Why Children’s Communities?
There are three key reasons why Children’s Communities are both necessary and exciting:
One. Children’s lives and outcomes are shaped by a very wide-range of interacting factors. As babies and toddlers, they are heavily influenced by family relationships, home environment, broader social circumstances, local services, and the support available to their parents from neighbours and friends. When they get older, children spend 190 days per year at school (around seven hours per day) and 175 days in their homes and communities, suggesting there are significant limits to what teachers alone can do, and that multiple other influences are likely to be important. What’s more, children’s physical and mental health, educational achievement, confidence, self-esteem, and future employment prospects are deeply interconnected and cannot be properly understood in isolation.
In disadvantaged neighbourhoods, children can face multiple and overlapping social challenges, so that action in any one part of a child’s life risks being undermined by problems in another part. Conversely, in better-off areas, many children benefit from customised care and support to meet their every need, and a dizzying array of learning experiences that occur round-the-clock and 365 days a year. It is little wonder that traditional policy efforts have struggled to narrow outcomes gaps between rich and poor. For areas with complex social problems, we need a new, more integrated, and coherent approach to supporting children and families and to challenging inequalities.

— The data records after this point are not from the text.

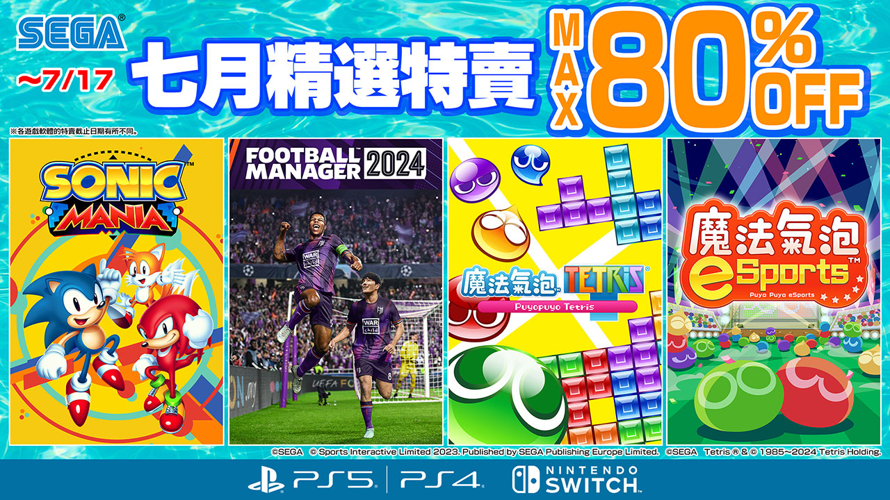 風靡全球的人氣系列《足球經理》系列20周年紀念作品《足球經理 2024 主機版》將以50%OFF的優惠價格於特賣中登場。除此之外,在過去發售的知名關卡中新增要素全面革新之外,還收錄了新關卡的《SONIC MANIA》以及收錄了2種讓對戰白熱化規則的《魔法氣泡eSports》亦為此次特價商品。
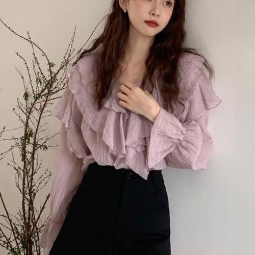 [허밍퍼플]여성용 2314 바바 이중 프릴 BL 빅사이즈 블라우스 단추 긴팔 긴소매 봄 가을 세련미 여성의류
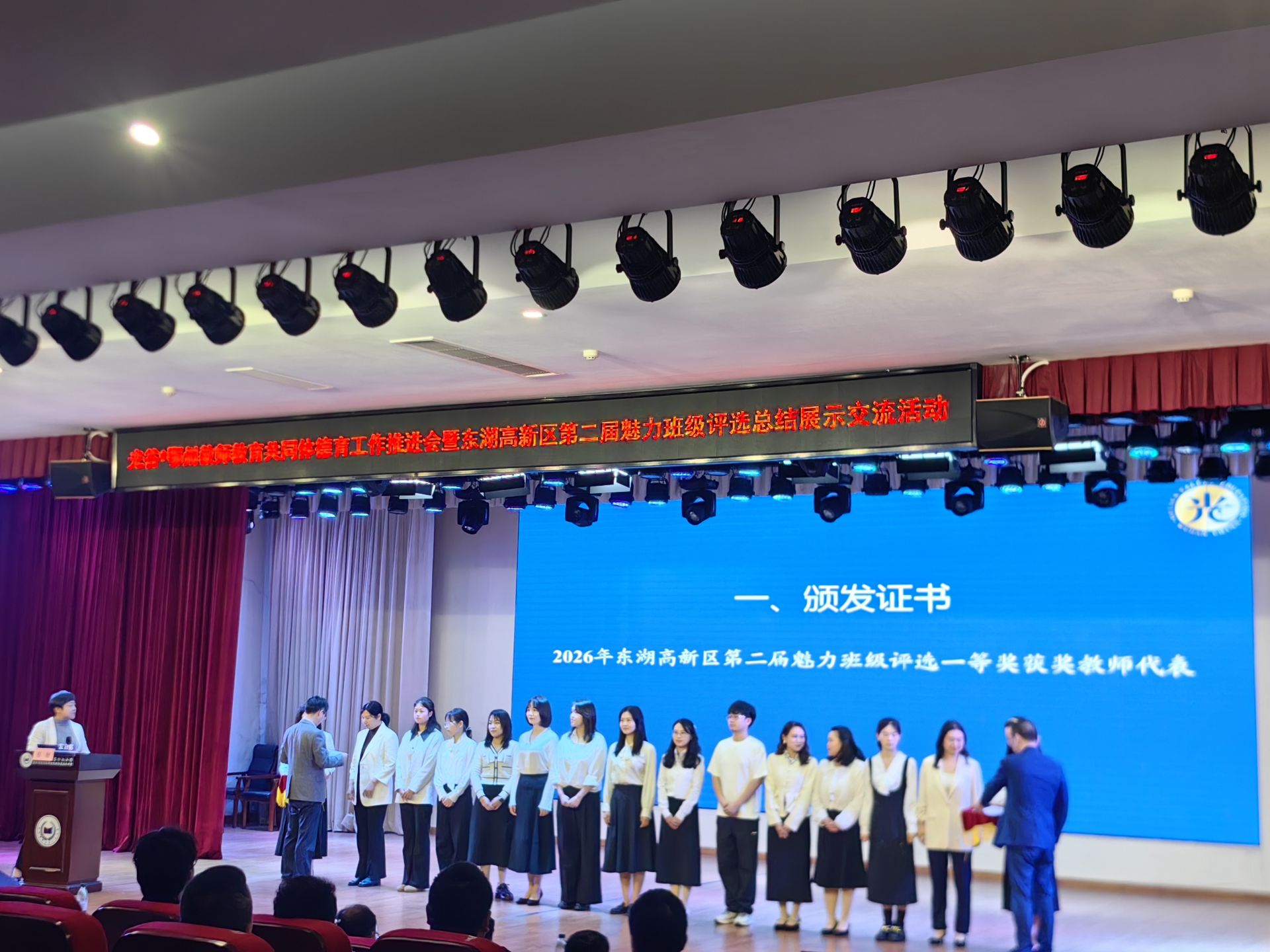 活动流程紧凑丰富。在活动颁奖环节,大会为魅力班级评选获奖教师代表颁发荣誉。东湖高新区教育发展研究院舒晓辉副院长对赛事进行了全面回顾与总结,系统梳理了德育工作成果,明确了班级建设的方向;随后进入经验分享环节,多地优秀班主任与学校代表依次交流治班智慧;最后由专家点评、领导讲话,为区域德育一体化发展指明路径。

Two. Different places (including places with similar levels of economic disadvantage) create different dynamics, pose different challenges, and offer different opportunities. Top-down initiatives come and go, each with a focus on particular problem areas, but rarely with much understanding of the whole picture, the distinctiveness of local characteristics, or the strength and capacity for self-support that is inherent in most neighbourhoods. There is an urgent need to reframe these deficit narratives, to address local contexts, to harness the power of local assets and networks, and to create locally-led and long-term plans for transforming children’s futures.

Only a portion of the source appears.